Garth’s fatherhood philosophy meant that young Klint spent a lot of time on the court, and it started to rub off.
“I always sat next to my dad on the bench and I was always at practice,” Klint says. “He was the person I looked up to and wanted to be like. Dad played a huge role in my decision to become a coach.”
Garth also played a huge role in the kind of coach Klint would become.
“A lot was made when we won our 500th game, but basketball, to me, is not about victories and championships. It’s about seeing kids change their lives,” Garth said. “I look back at all of those players and know that I had a role in making them better people.”
That philosophy echoes in Klint’s ambition for his work at ACU. “I hope that in 30 years I can look back at my players and say with confidence that I played a role in helping them to become better people in all aspects of life,” Klint says.
As Klint’s career began to take off and he moved from jobs in the NAIA to NCAA Division II and finally to Division I at Kent State, he still sought his father’s advice.
“We talk about every other day,” Klint says. “We rarely talk X’s and O’s, but we talk about philosophy a lot, how to deal with players, how to motivate. He’s always the first person I call when I need advice.”
Garth said he’s given his son two main pieces of advice. The first: “Who you work for is the most important thing. It’s more important than money.” Second: “When you make a decision, don’t turn around. Don’t look back.”
Klint took Garth’s advice and followed his dad’s example when he walked away from Arkansas to accept his “dream job” at ACU. “ACU is where my relationship with God became the most important thing to me,” says Klint. “I feel the same about ACU as my father feels about Rochester College.”
Taking over Abilene’s men’s basketball program would be no game of H-O-R-S-E, however. The Wildcats only won a few games in the three seasons previous to Klint’s arrival. Garth recalls that someone privately told him that Klint would be lucky to grasp a handful of victories in his first season.
Coach Klint Pleasant exceeded all expectations, however, and led his new team to 13 wins during his first season. Unfortunately, sharing a career with his son meant Garth couldn’t make it to Klint’s first game as a head coach.

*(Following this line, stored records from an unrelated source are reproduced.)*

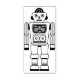 A retro toy robot motif in a linear black and white style
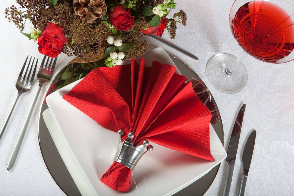 ФОТО: posudaguide.ruСалфетки можно сложить втрое и перевязать лентой – это простой и очень интересный вариант оформления
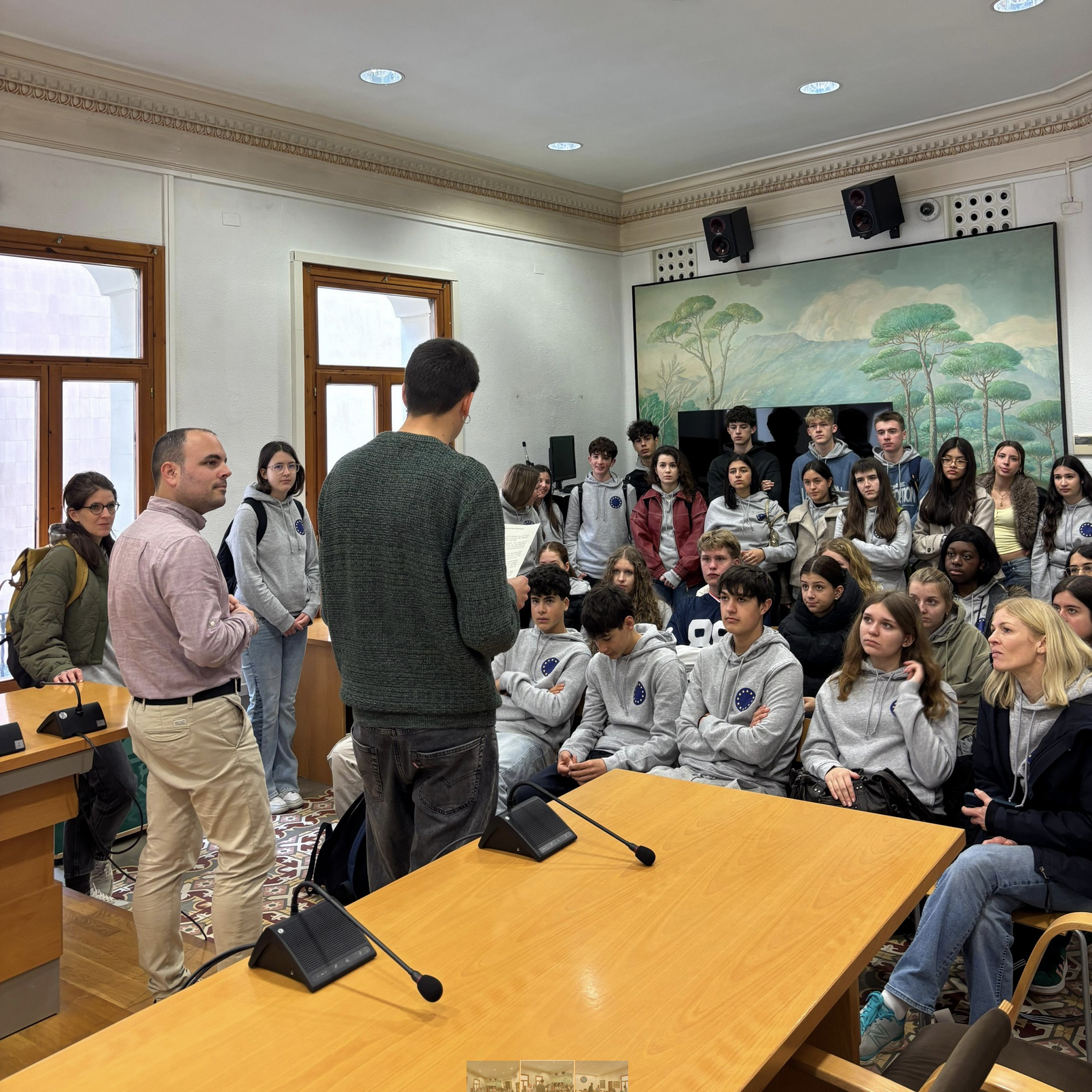 La recepció institucional es va celebrar a la sala de plens i va estar presidida per l’alcalde de Sant Celoni, Eduard Vallhonesta, i el regidor d’Educació, Albert Planas. L’alumnat participant, de 3r i 4t d’ESO, participa aquests dies en una estada d’intercanvi de sis dies que inclou diverses activitats educatives i culturals.
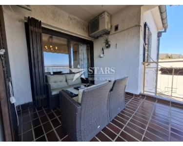 Sie befindet sich im zweiten und letzten Stock eines Gebäudes aus dem Jahr 1990, das nur drei Wohnungen umfasst. Obwohl das Gebäude nur wenige Wohnungen hat, sind der Hof und die Wohnung videoüberwacht, was Sicherheit und Privatsphäre garantiert. Die Wohnung hat einen eigenen Eingang und erstreckt sich über die gesamte Etage mit einer Gesamtwohnfläche von 101,20 m². Sie besteht aus drei Schlafzimmern, von denen eines ein eigenes Badezimmer und eine Ankleide hat, einem weiteren Badezimmer, einem Wohnzimmer, einer Küche mit Speisekammer, einem Esszimmer, einem Flur und einem überdachten Balkon mit Markise (8,30 m²). Der Balkon ist nach Süden ausgerichtet und bietet einen wunderschönen Blick auf das Meer. Er ist vom Wohnzimmer und vom Esszimmer aus zugänglich.
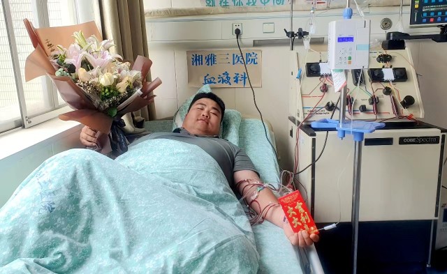 随后,张洲积极配合省市红十字会工作人员做好捐献前的各项准备工作。从7月10日开始,在经过为期四天的动员剂注射后成功完成捐献。捐献当日,经过近5小时的采集,张洲成功捐献了272毫升的造血干细胞悬浮液,为一名血液病患者及其家庭带去生的希望。
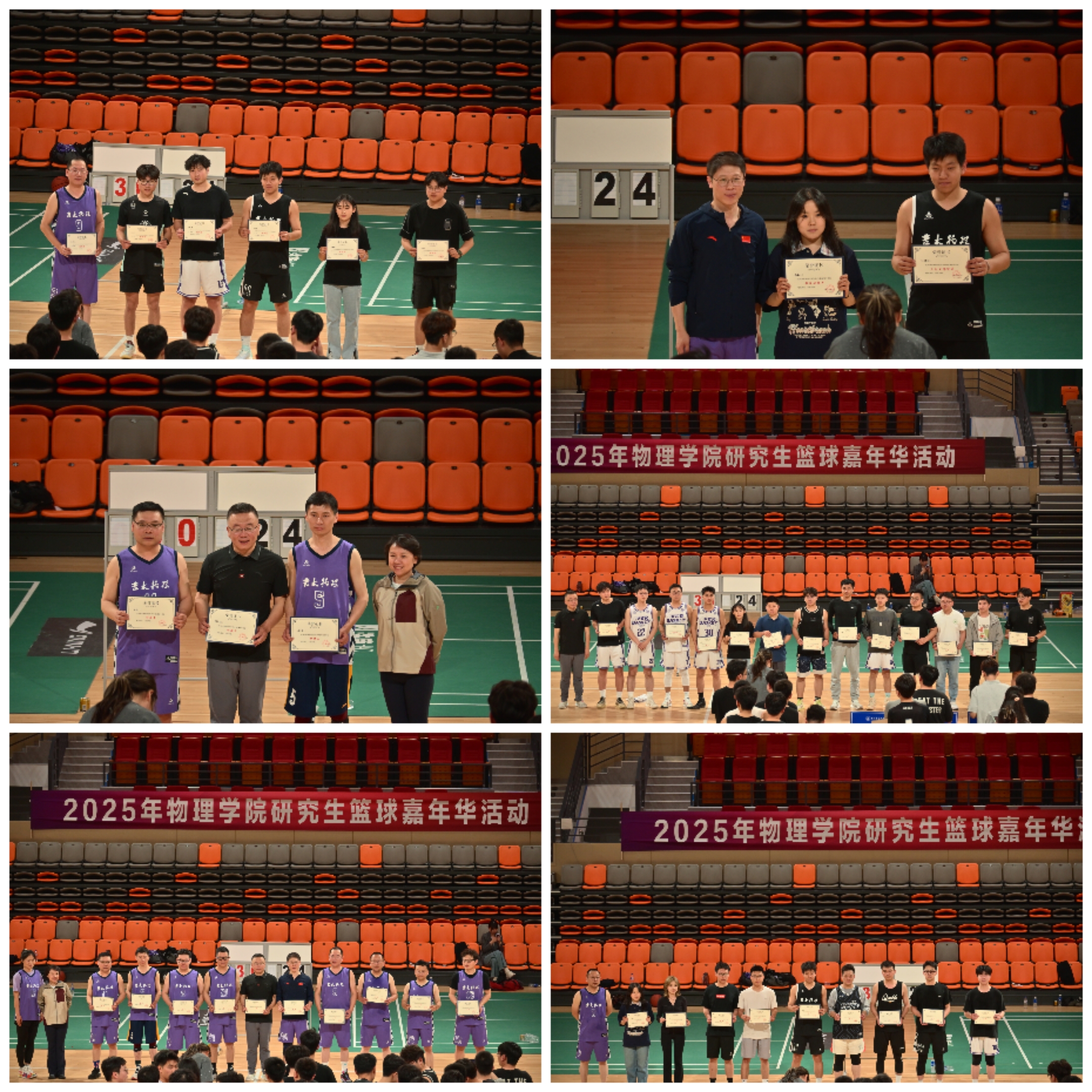 教工队与学生组成的“勇敢”队会师决赛。决赛中,双方比分胶着,教工队凭借经验沉着应战,学生队以青春活力奋勇追击,充分展现导学同台竞技的独特魅力。最终,“勇敢”队凭借关键防守与反击上篮夺冠,物理教工队获亚军,“Homiparty”队和“嘿嘿嘿”队并列季军。此外,郑兆凯同学荣获MVP;隋永明、李全军、杨新一三位老师获得拼搏奖;高聪同学凭借中场投篮环节的出色表现,摘得最佳女投手称号。
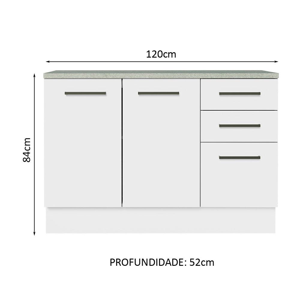 Balcão de Pia Armário de Cozinha 2 Portas e 3 Gavetas (Com Tampo) Branco Agata Madesa
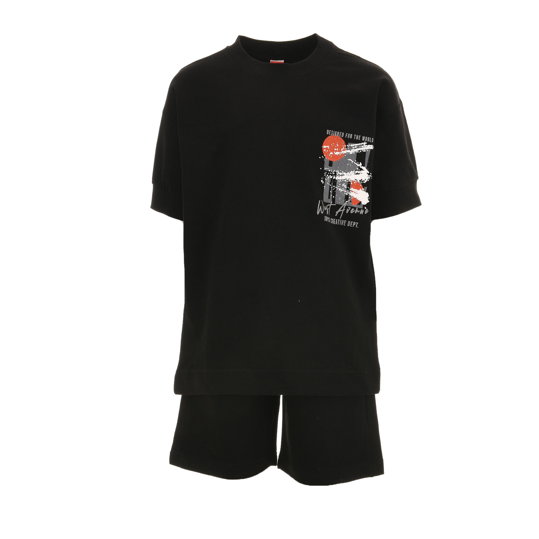 Το παιδικό σετ Joyce σε μαύρη απόχρωση είναι η ιδανική επιλογή για αγόρια που αγαπούν το άνετο και μοντέρνο ντύσιμο. Με διαχρονικό design και διαχρονικούς τόνους, προσφέρει ευελιξία στους συνδυασμούς και ταιριάζει σε κάθε περίσταση από το παιχνίδι μέχρι τη βόλτα.Η κοντομάνικη μπλούζα διαθέτει μοντέρνο print στο στήθος, ενώ η βερμούδα εξασφαλίζει ελευθερία κινήσεων όλη μέρα.
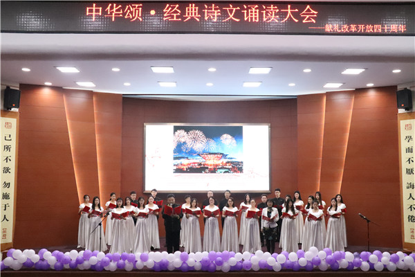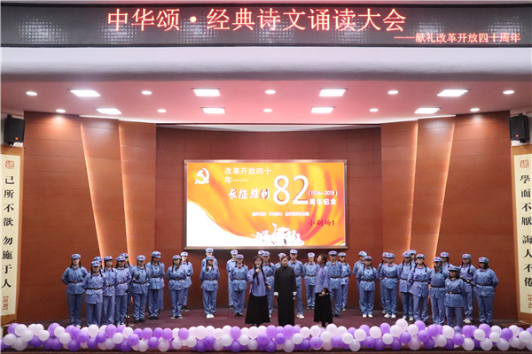 兴中华,承前启后;扬国威,万众一心!诵读大会在宣传片《伟大的变革》的放映中拉开序幕。诗文诵读《四十年岁月如歌》《四十年与祖国风雨兼程》《改革开放四十周年》回顾了中国四十年的风云巨变,展示了改革浪潮中锐意进取、团结一心、奋进勃发的中国;《沁园春•长沙》《你们是最可爱的人》追忆往昔峥嵘岁月,激励后人不忘初心,砥砺前行;《今日中国》《新时代的中国》诵出了新一代青年对祖国的满腔热血,诵出了中华民族自强不息的奋斗精神;由中文系师生党员共同诵读的《再道一声:小平,您好!》句句铿锵、声声深情,真切地表达出对改革开放总设计师——邓小平的缅怀与歌颂。经典诗文诵读配以悠扬旋律,声声悦耳、句句华章,生动的演绎了一场视觉与听觉的饕餮盛宴。
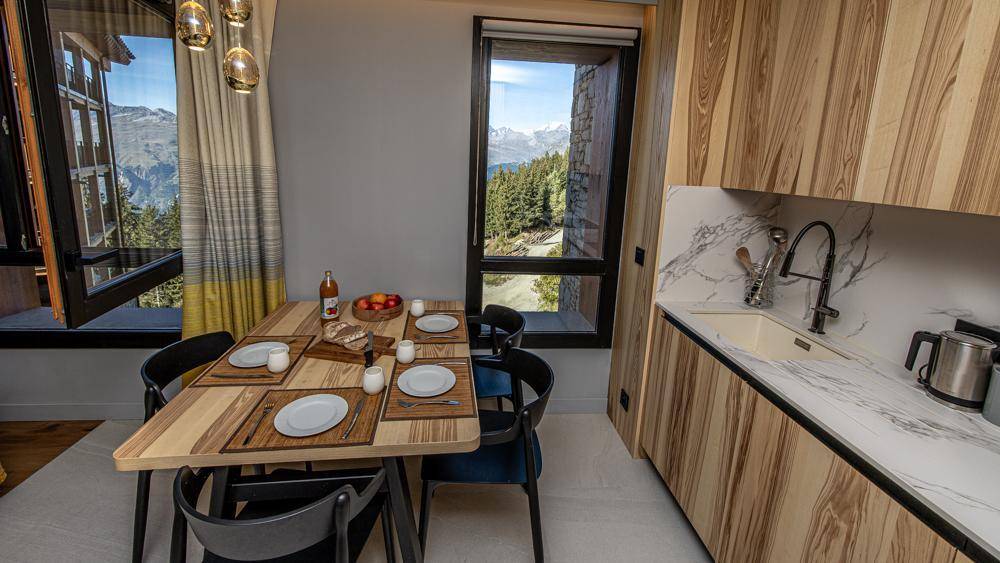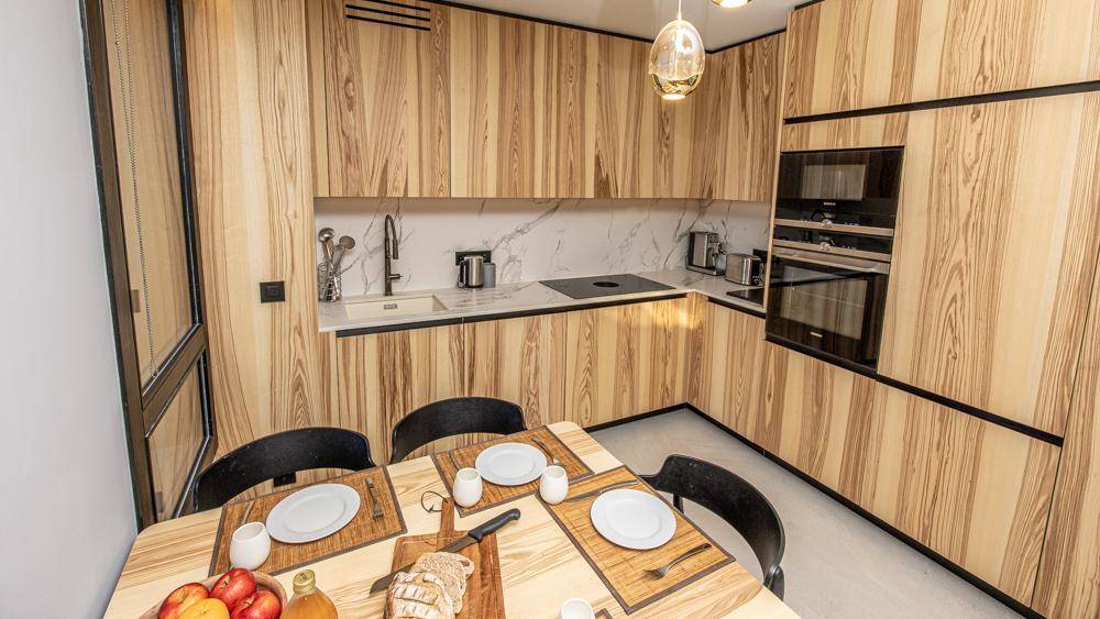 Fläche von ungefähr 64 m². 1te Etage. Orientierung : Süd-West, West. Blick panorama. Diele. Wohnzimmer mit . Schlafzimmer mit Doppelbett (160x200), , WC. Schlafzimmer mit 2 Einzelbetten (90x190). offener Schlafbereich mit 2 Stockbetten (90*190). Küche mit Wasserkocher, Kaffeemaschine, Bügeleisen, Backofen, Toaster, Mikrowellenherd, Mixer, Induktionsherdplatten, Kühl-Gefrier-Kombination. Waschräume mit Dusche. WC. Terrasse mit Stuhl, Tisch. Die oberen Betten sind nicht für Kinder unter 6 Jahren geeignet.
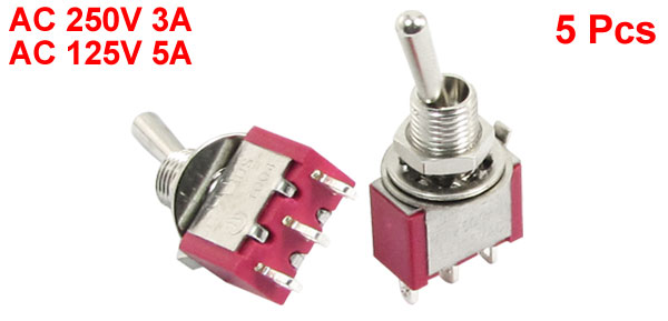 5pcs Panel Mount ON/ON SPDT Burgundy Latching Toggle Switch AC 250V 3A
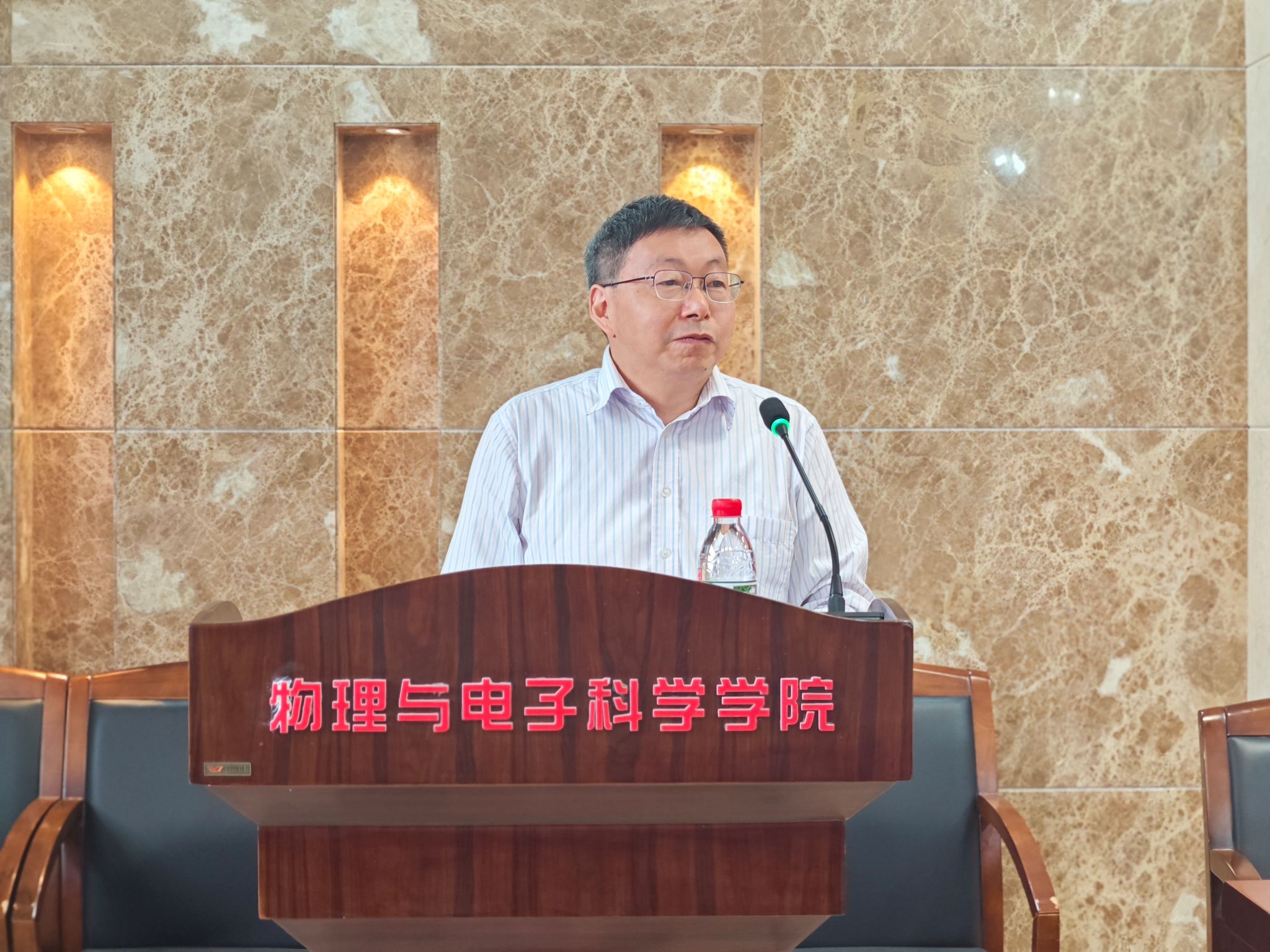 各职能部门领导分别发言,为学科建设提供了具体支持和指导。发展规划与学科建设处处长孙岳兵详细介绍了第六轮学科评估评价指标体系的最新形势和动态,为学科建设指明了努力的方向,他希望学科抓紧最后半年时间努力破解问题短板,为学科迈向更高水平冲刺;教务处处长银海强强调本科生的培养在学科评估中的重要支撑作用,他表示教务处将全力支持物理学学科的建设;财务处处长匡尹俊表示将一如既往做好服务工作,为物理学学科高质量发展添砖加瓦;科技处副处长李云龙鼓励教师多报大项目、大奖励、多做成果转化,祝愿教师取得更多科研成果,助力学科发展;资产与实验室管理处副处长罗万才为学院取得的成绩表示欣喜,作为条件保障部门,资产与实验室管理处将全力做好服务工作;研究生院副院长邹永星承诺将努力做好研究生培养工作,一如既往地支持学院学科发展。

“My wife flew down to watch his first game,” Garth says. “I was scouting at Wayne State (University in Detroit) that night and I kept calling on the cell phone every 10 or 15 minutes to find out what was happening.”
Bill Fowler, now head of ACU’s accounting department, sat on the bench next to Klint that day. Before the game, the young coach received a letter of blessing and a package from his father.
Inside — a new sport jacket to wear courtside.